As part of the deal, StubHub agreed to sell its business outside of North America, including its UK business, to Digital Fuel Capital LLC. Through the merger, Viagogo and StubHub became owned by the new entity StubHub Holdings.

In early 2020, the live events industry was shut down due to the coronavirus pandemic, with Viagogo Group significantly reducing its Limerick, Ireland workforce as a result. Viagogo took on a $330 million loan in late 2020 in response to the industry shutdowns, allowing the company "to operate with little to no revenue" until 2022 if needed, according to Moody's. In July 2021, Moody's reported that Viagogo had been "free cash flow positive" since April 2021.

In January 2022, it was reported that StubHub Holdings was considering an IPO and had filed with the US Securities and Exchange Commission. In early 2022, StubHub Holding employed 650 full-time people, with a third of those employees at Viagogo. 

In July 2022, Viagogo and StubHub announced that they would be closing their San Francisco and Shanghai offices by 2023, with a new focus to be placed on Los Angeles and New York. Offices would also remain in Switzerland, Ireland, Taiwan, and Utah. In 2022, the StubHub brand migrated all of its systems and technology onto Viagogo's tech stack, with Nayaab Islam, who had been running Viagogo's technology teams since 2014, promoted to StubHub president. During the consolidation, Viagogo's and StubHub's legal departments were combined.

Operations
The Viagogo brand facilitates the sale of live sport, music, and entertainment tickets through an online platform. The company charges a variable booking fee on top of ticket price, and a service fee from sellers. Viagogo has a policy to "provide comparable replacement tickets or a refund".

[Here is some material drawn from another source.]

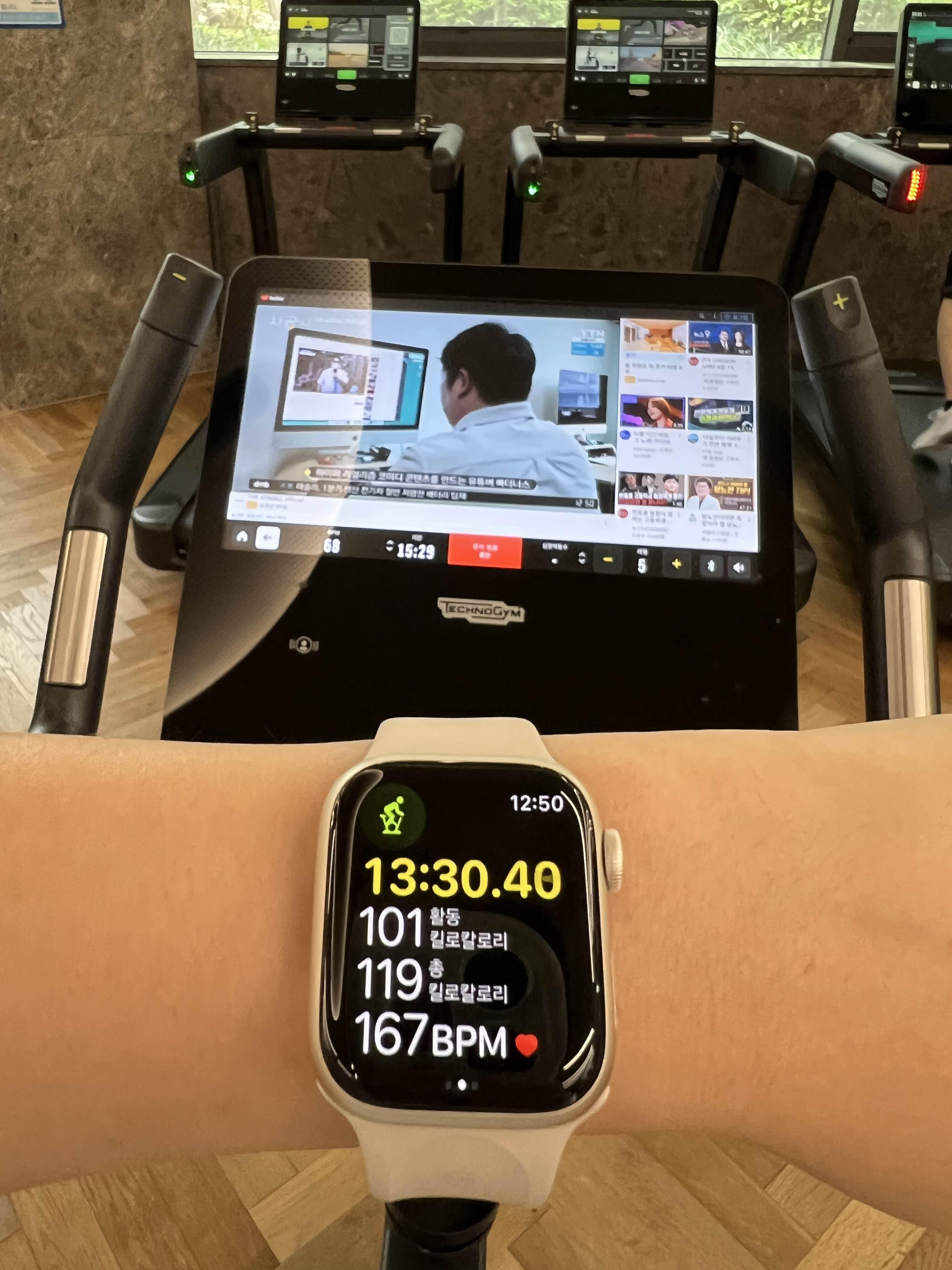 사이클은 허벅지가 버티가 어려운데, 러닝머신은 폐활량위주의 운동이라 폐가 강화되겠구나 싶었다

Along with partnerships with entertainers and music festivals, the company has partnerships with various sports properties.

Pricing and sales tactics
The company has been criticized for its use of "drip pricing" in certain countries, where not all charges are shown until the end of a transaction. According to Swedish newspaper Göteborgs-Posten, during purchases of secondhand tickets in 2018, one price was shown up front, while additional costs such as value-added tax or booking fees were shown to buyers later in the checkout process. The newspaper criticized the practice as disingenuous. In 2018, a CMA order dictated that Viagogo's UK portal include all-in pricing to make the platform more transparent to customers.

At that time of the CMA order, customers were presented with several messages about tickets being about to run out and in the user interface, the "continue" button jumped and a timer kept counting down. According to executive Chris Miller, the messages were intended to show customers they were visiting a "dynamic market place" and helped buyers "make an informed decision".

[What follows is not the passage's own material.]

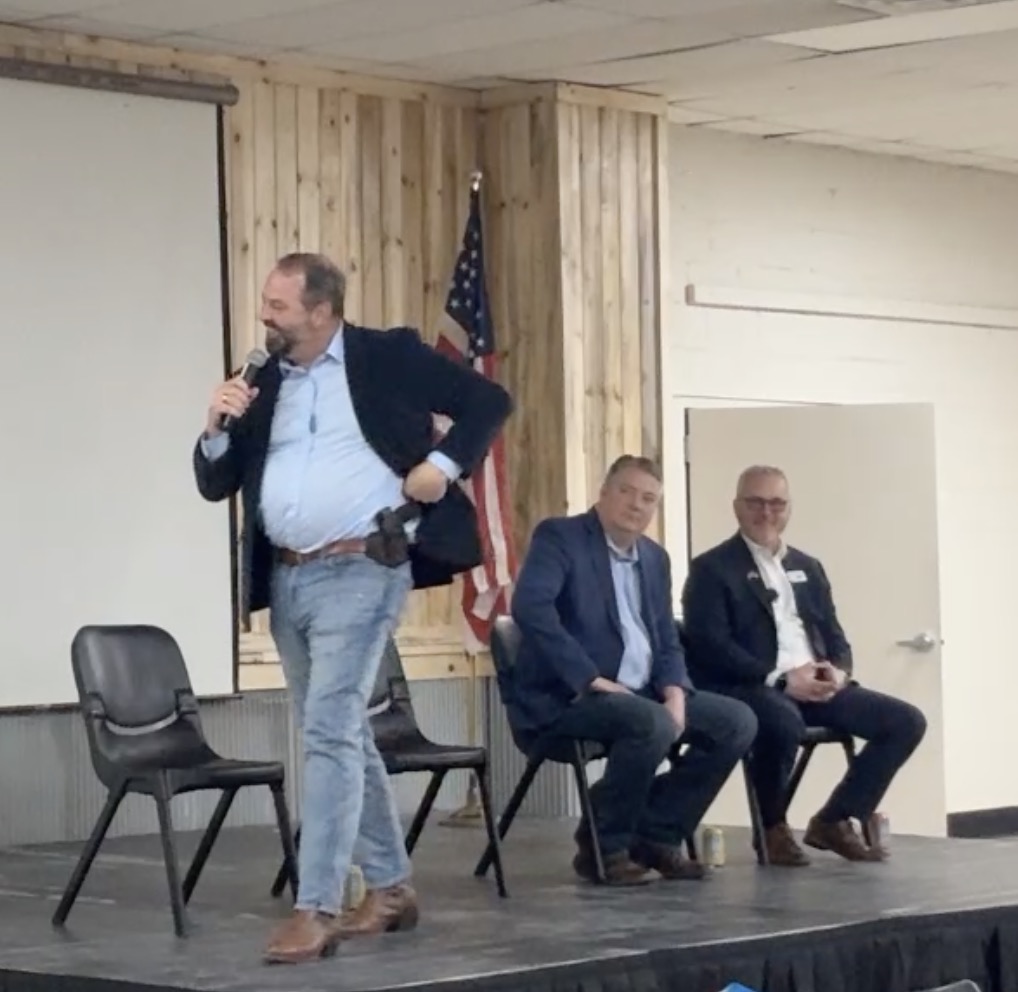 Four candidates took the stage at Kirk Hall on the Douglas County Fairgrounds: state Rep. Scott Bottoms, Teller County Sheriff Jason Mikesell, podcaster Joe Oltmann and Army veteran Jason Clark. The $25-per-plate event drew roughly 150 attendees for an evening of pizza, a firearm auction, and pitches from candidates seeking to lead Colorado.

During a test where three tickets were purchased, the average transaction took about ten minutes to complete which did not leave time to read the purchase conditions. Once the transactions were completed, the average price paid was about twice that charged by official ticket sellers.

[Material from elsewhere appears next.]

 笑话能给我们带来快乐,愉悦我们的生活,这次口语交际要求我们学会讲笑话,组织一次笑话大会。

In January 2008, the The Telegraph wrote that Viagogo and Stubhub and its "rivals at Seatwave and Get Me In...introduced a level of respectability...to a business that until recently was dominated by rogue traders who sold tickets...at vastly inflated prices," in the UK. In later years, Viagogo has been criticized for allowing sellers to set prices at extremely high markups, as well as other sales practices.

In 2018, the Swedish Consumer Agency received 132 reports about the company, making it the seventh most reported business operating in Sweden. A frequent criticism was that customers felt stressed and pressured into finishing their purchases. Pressure marketing and countdown timers were removed from the UK website in 2018. In response to a 2021 New Zealand Herald article criticizing highly priced Lorde tickets being resold through the site, Viagogo stated that "tickets that are listed at unreasonable prices get the most media attention but rarely, if ever, sell."

Legal action
They have also faced criticism after they resold charity tickets to an Ed Sheeran cancer benefit concert at highly inflated prices.

In early 2011, Viagogo sold personalised tickets for Take That's 2011 Progress tour to German customers. Some people were not able to enter the concerts in Hamburg and Munich. A German court banned Viagogo from claiming that the validity of the Take That tickets is “100% guaranteed”.

In August 2017, the Australian Competition & Consumer Commission launched legal action against Viagogo with "allegations it made false or misleading representations, and engaged in misleading or deceptive conduct by failing to disclose substantial fees included in the price of tickets."

In August 2018, New Zealand's Commerce Commission sued Viagogo after it sold non-existent tickets for a Bruno Mars concert for NZ$700. 

The company is the only ticket resale site to have refused to work with Ed Sheeran to prevent ticket touts reselling tickets for his tours. 

In the United States, in August 2020 Viagogo faced litigation over its pandemic refund policy, with fans arguing that Viagogo had improperly classified certain shows as postponed instead of canceled to avoid paying refunds. With Viagogo refuting the claims, class action status of the lawsuit was refused by a Florida judge in July 2021 after a motion by Viagogo Entertainment Inc.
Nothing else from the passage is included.